The diagnosis is grim: fiscal cancer
By Tom Quiner
The diagnosis comes from a reliable “money doctor,” David M. Walker:
“We have been diagnosed with fiscal cancer.”
Mr. Walker is the retired Comptroller General for the Federal Government. I’ve been following him for a number of years and was pleased to see him interviewed in Dinesh D’ Souza’s hit movie, “2016: Obama’s America.”
For starters, Walker warns us that the national debt is much larger than the “official” $15 to 16 Trillion number being bandied about (what’s a trillion dollar difference between friends?).
That number doesn’t include a host of unfunded liabilities which the government has promised to pay to seniors, Baby Boomers, and others which ratchets up the real liability to $75 Trillion dollars, nearly a quarter of a million liability per legal American citizen.
I’ve watched loved ones die of cancer. It is painful beyond words. I don’t want to see my beloved country die of fiscal cancer, but that is the course we’re on if America doesn’t receive immediate treatment.
Bob Bixby who heads the non-partisan Concord Coalition isn’t sure if we’ll be hit with a sudden Greece-like crisis, or if it will unfold as “a long, slow erosion in the standard of living.”
We’re doing things to make the cancer spread. Take the social security trust fund. We’re using it to pay bills from the government’s general fund. We’ve used the money that was supposed to be set aside for retirement to expand government spending.

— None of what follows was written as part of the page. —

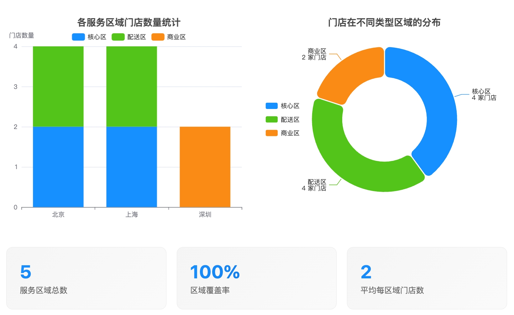 - 区域统计分析:统计各服务区域内的门店分布情况预览
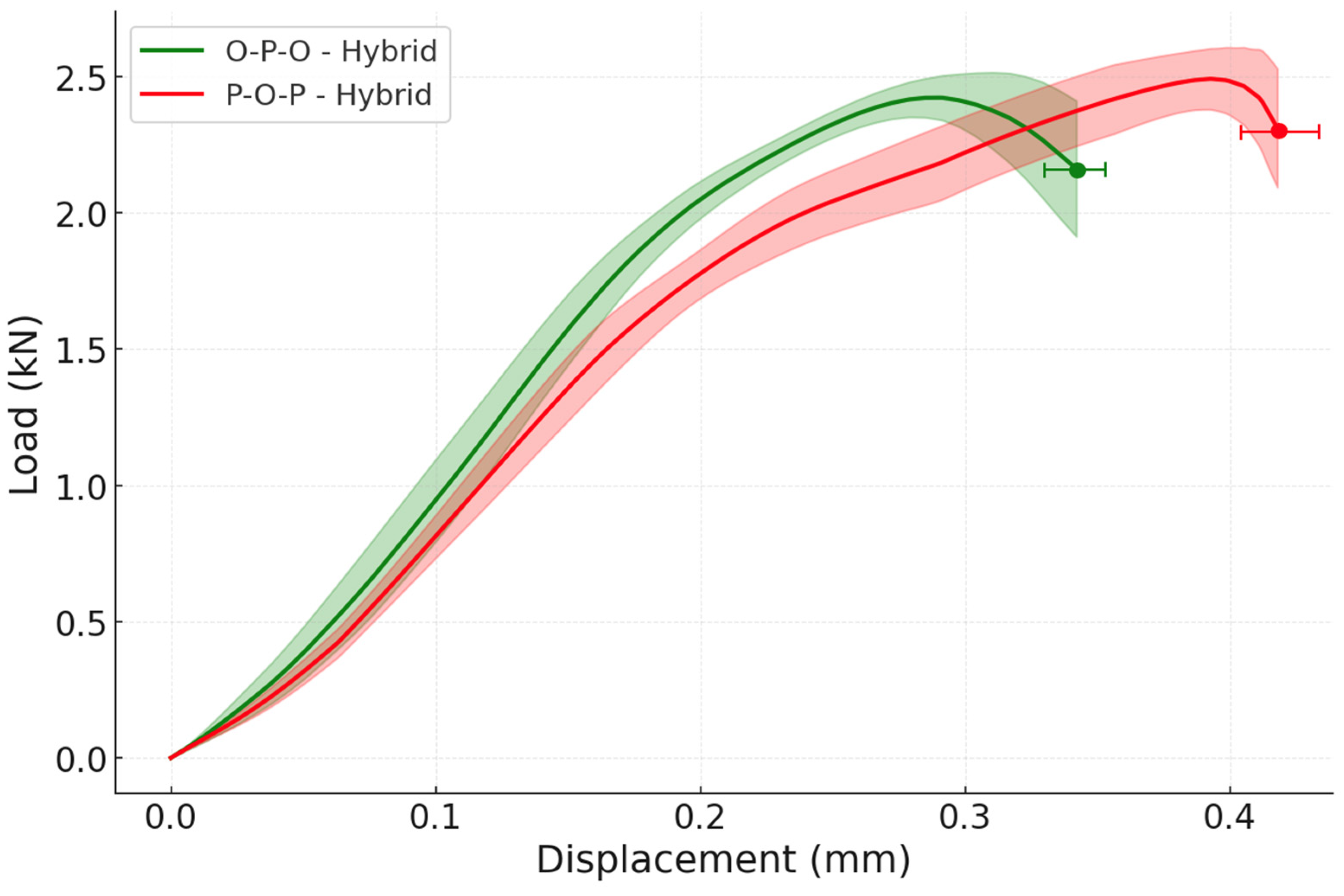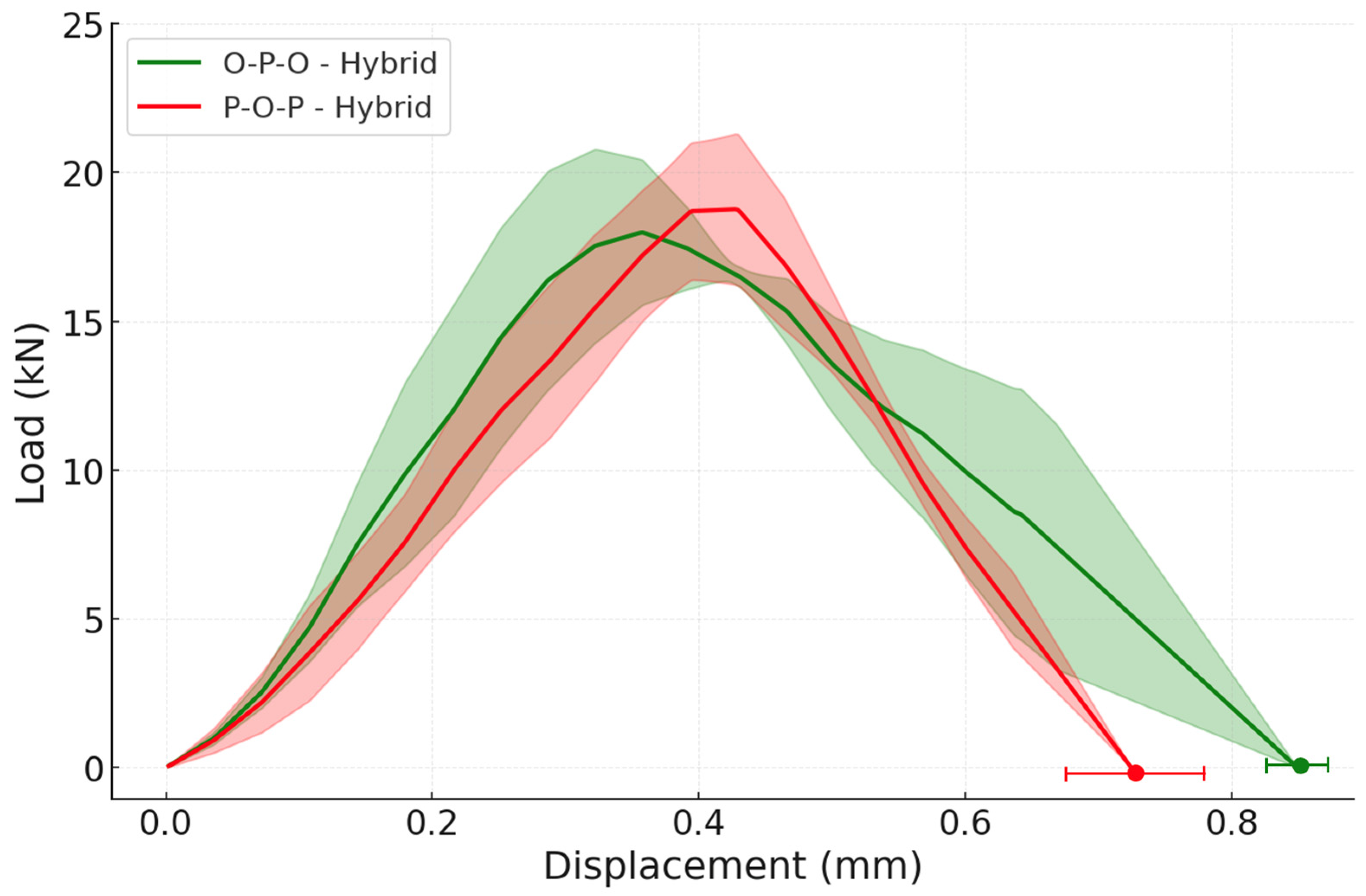 For instance, the O-P-O hybrid exhibited a failure load of 18.04 ± 1.81 kN and the P-O-P hybrid displays a failure load of 18.84 ± 2.32 kN; these results represent, for the O-P-O configuration, a 33 ± 22% increase when compared with the reference oak and a 76 ± 23% gain when compared with the reference pine and for the P-O-P configuration, a 39 ± 24% improvement when weighed against oak reference specimens and a 84 ± 28% increase when contrasted against the pine reference. The results are shown in the load-displacement graph of

We’ve taken an asset, a trust fund, and turned it into a liability. We’ve blown our wad, but we still owe the money. The non-partisan Office of Budget and Management states bluntly:
“There are no economic assets in the Social Security trust fund.”
Makes me think of that great Paul Simon lyric:
“I have squandered my resistance for a pocketful of mumbles, such are promises. All lies and jests. Still a man hears what he wants to hear and disregards the rest.”
We thought we could have it all: lavish government spending, lavish entitlements, lavish perks for government workers. Now it’s time to pay the piper, because the cancer is spreading.
We have have certainly squandered our resistance.
The Government Accounting Office says that “if spending on government retirement programs remains on its current course and revenues grow at their historical averages, interest on the debt could skyrocket from its current 9 percent to almost 30 percent of the budget by 2040.”
America will look remarkably worse as that happens. Incomes will drop. Unemployment will rise. The government will have shrinking funds to sustain lavish welfare and entitlement programs. Our national defense will have to contract in an increasingly dangerous world.
There is a single cure to fiscal cancer: less spending.
Increased taxes is not the answer. Every new tax leads to increased government spending. That has been our consistent track record for forty years.
We must spend less. Paul Ryan presented a modest slowing of spending, but not nearly enough. And yet even with his tepid moderation, he is being crucified by the president and his party.
At this week’s Democratic National Convention, listen closely: what is their cure for our fiscal cancer? All I’ve heard from them is to increase taxes on American’s earning over $250,000 per year. Their proposed increased would pay the interest on the national debt for one day.
A one day reduction in interest payments, that’s their solution?
That’s a placebo.
We need strong medicine, and we need it fast.